Problem details: Exact repetition of a range: find the line containing "همه انسانها نگران" and the line containing "A George II" in the material below, then repeat both and all lines between them, leaving pictures out.

Top of Extracted records

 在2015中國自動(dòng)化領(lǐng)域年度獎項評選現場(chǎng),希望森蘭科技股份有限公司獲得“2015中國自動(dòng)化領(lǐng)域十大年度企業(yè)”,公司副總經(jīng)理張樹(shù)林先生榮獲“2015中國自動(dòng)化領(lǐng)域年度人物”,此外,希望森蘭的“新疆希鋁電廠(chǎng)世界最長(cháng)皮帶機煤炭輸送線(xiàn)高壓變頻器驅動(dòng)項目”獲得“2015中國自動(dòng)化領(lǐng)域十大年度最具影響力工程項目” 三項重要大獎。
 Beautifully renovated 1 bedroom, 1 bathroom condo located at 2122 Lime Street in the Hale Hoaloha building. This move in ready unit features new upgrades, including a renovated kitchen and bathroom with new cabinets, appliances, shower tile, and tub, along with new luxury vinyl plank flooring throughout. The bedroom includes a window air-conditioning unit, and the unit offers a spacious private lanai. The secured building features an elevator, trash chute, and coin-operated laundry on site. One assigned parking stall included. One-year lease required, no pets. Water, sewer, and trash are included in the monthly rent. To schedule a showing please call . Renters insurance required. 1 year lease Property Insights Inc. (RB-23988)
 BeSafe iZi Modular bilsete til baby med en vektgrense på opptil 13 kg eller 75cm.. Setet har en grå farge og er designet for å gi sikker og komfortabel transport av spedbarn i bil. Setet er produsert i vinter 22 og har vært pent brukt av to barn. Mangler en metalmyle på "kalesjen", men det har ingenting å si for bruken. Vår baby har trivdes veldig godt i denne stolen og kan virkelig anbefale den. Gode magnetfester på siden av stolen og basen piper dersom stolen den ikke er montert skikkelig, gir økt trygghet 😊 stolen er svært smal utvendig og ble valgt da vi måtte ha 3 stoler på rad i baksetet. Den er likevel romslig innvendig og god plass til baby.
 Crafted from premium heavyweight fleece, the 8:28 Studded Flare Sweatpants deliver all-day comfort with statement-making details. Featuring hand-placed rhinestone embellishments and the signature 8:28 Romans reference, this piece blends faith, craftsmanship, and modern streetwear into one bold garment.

Bottom of Extracted records
Top of Extracted records

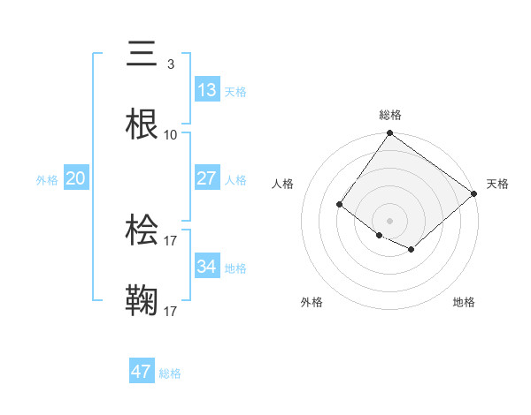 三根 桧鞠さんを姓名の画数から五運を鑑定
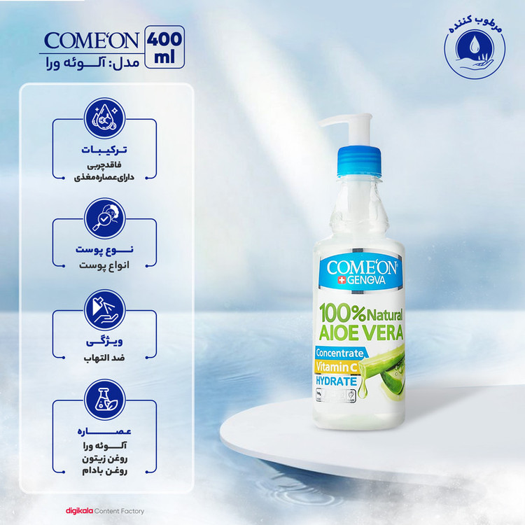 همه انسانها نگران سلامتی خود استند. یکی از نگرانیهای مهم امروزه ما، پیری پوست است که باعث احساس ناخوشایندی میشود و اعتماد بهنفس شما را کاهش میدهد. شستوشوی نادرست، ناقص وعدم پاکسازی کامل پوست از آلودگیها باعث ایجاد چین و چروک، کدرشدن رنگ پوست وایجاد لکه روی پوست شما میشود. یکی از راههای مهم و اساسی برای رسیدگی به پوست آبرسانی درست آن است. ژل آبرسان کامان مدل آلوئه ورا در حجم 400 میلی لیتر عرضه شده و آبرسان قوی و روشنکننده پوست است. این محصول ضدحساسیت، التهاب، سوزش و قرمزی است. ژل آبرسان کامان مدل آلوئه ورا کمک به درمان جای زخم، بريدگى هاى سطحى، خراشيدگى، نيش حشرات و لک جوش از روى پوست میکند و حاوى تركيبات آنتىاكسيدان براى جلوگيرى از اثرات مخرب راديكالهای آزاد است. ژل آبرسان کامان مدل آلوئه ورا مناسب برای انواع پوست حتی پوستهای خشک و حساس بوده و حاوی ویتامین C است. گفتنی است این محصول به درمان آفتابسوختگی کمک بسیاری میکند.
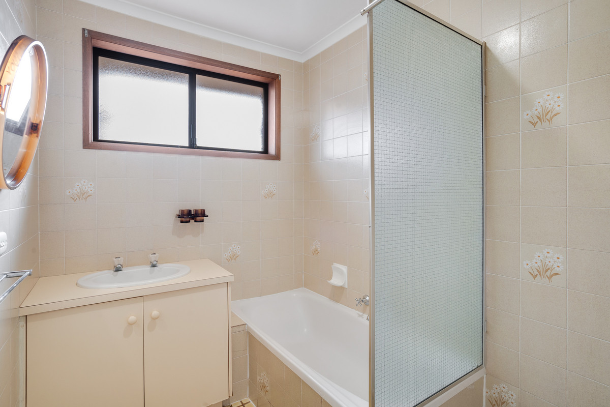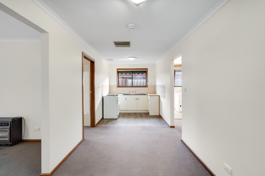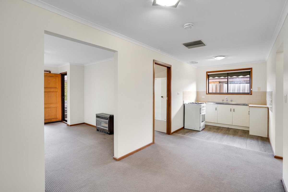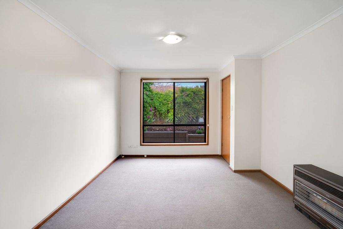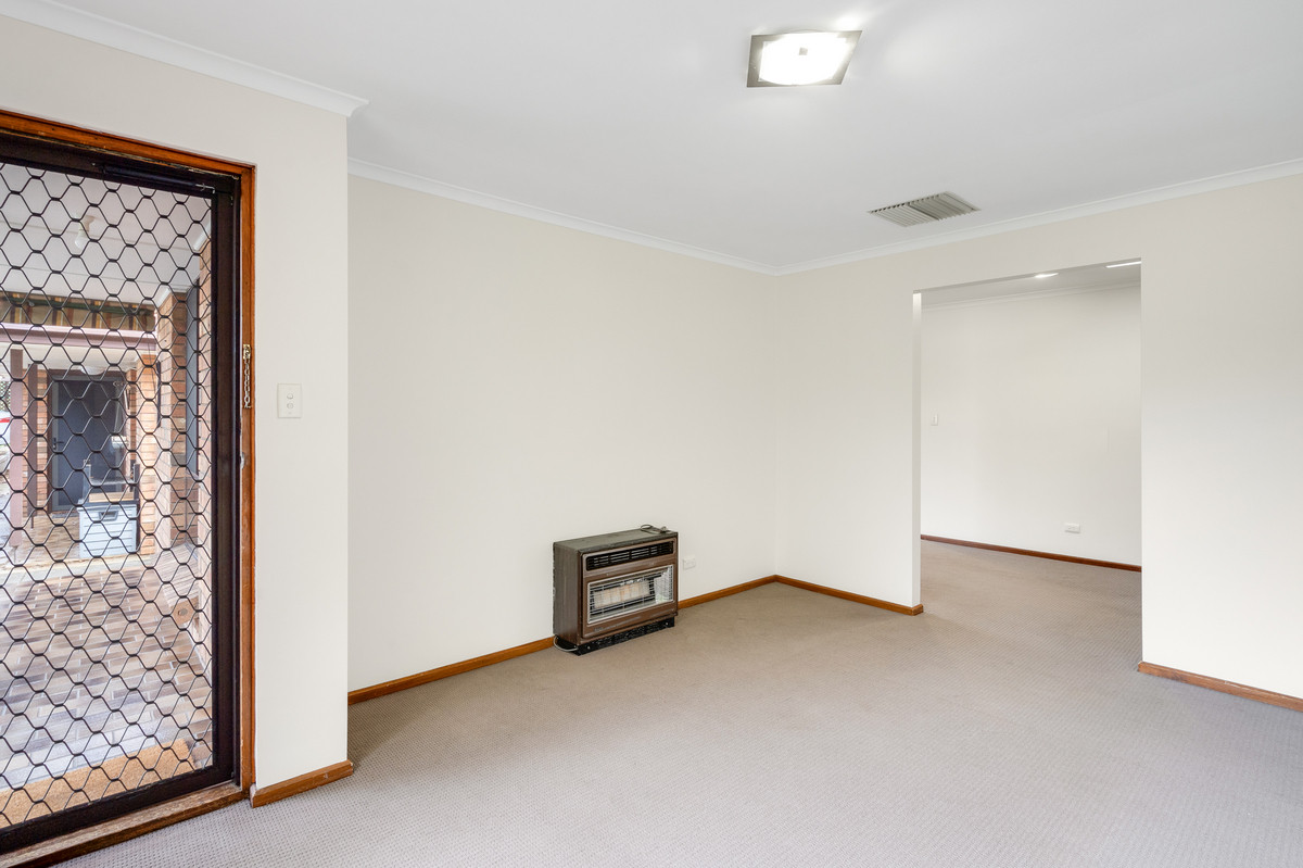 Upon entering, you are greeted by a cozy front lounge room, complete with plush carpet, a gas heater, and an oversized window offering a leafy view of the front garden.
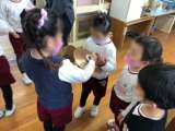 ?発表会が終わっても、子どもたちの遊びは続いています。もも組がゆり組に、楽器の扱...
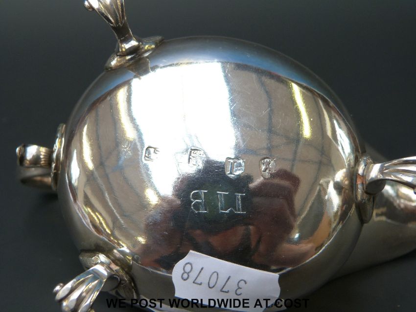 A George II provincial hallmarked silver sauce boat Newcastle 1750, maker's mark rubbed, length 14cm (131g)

Bottom of Extracted records

Response to this exercise:
 همه انسانها نگران سلامتی خود استند. یکی از نگرانیهای مهم امروزه ما، پیری پوست است که باعث احساس ناخوشایندی میشود و اعتماد بهنفس شما را کاهش میدهد. شستوشوی نادرست، ناقص وعدم پاکسازی کامل پوست از آلودگیها باعث ایجاد چین و چروک، کدرشدن رنگ پوست وایجاد لکه روی پوست شما میشود. یکی از راههای مهم و اساسی برای رسیدگی به پوست آبرسانی درست آن است. ژل آبرسان کامان مدل آلوئه ورا در حجم 400 میلی لیتر عرضه شده و آبرسان قوی و روشنکننده پوست است. این محصول ضدحساسیت، التهاب، سوزش و قرمزی است. ژل آبرسان کامان مدل آلوئه ورا کمک به درمان جای زخم، بريدگى هاى سطحى، خراشيدگى، نيش حشرات و لک جوش از روى پوست میکند و حاوى تركيبات آنتىاكسيدان براى جلوگيرى از اثرات مخرب راديكالهای آزاد است. ژل آبرسان کامان مدل آلوئه ورا مناسب برای انواع پوست حتی پوستهای خشک و حساس بوده و حاوی ویتامین C است. گفتنی است این محصول به درمان آفتابسوختگی کمک بسیاری میکند.
 Upon entering, you are greeted by a cozy front lounge room, complete with plush carpet, a gas heater, and an oversized window offering a leafy view of the front garden.
 ?発表会が終わっても、子どもたちの遊びは続いています。もも組がゆり組に、楽器の扱...
 A George II provincial hallmarked silver sauce boat Newcastle 1750, maker's mark rubbed, length 14cm (131g)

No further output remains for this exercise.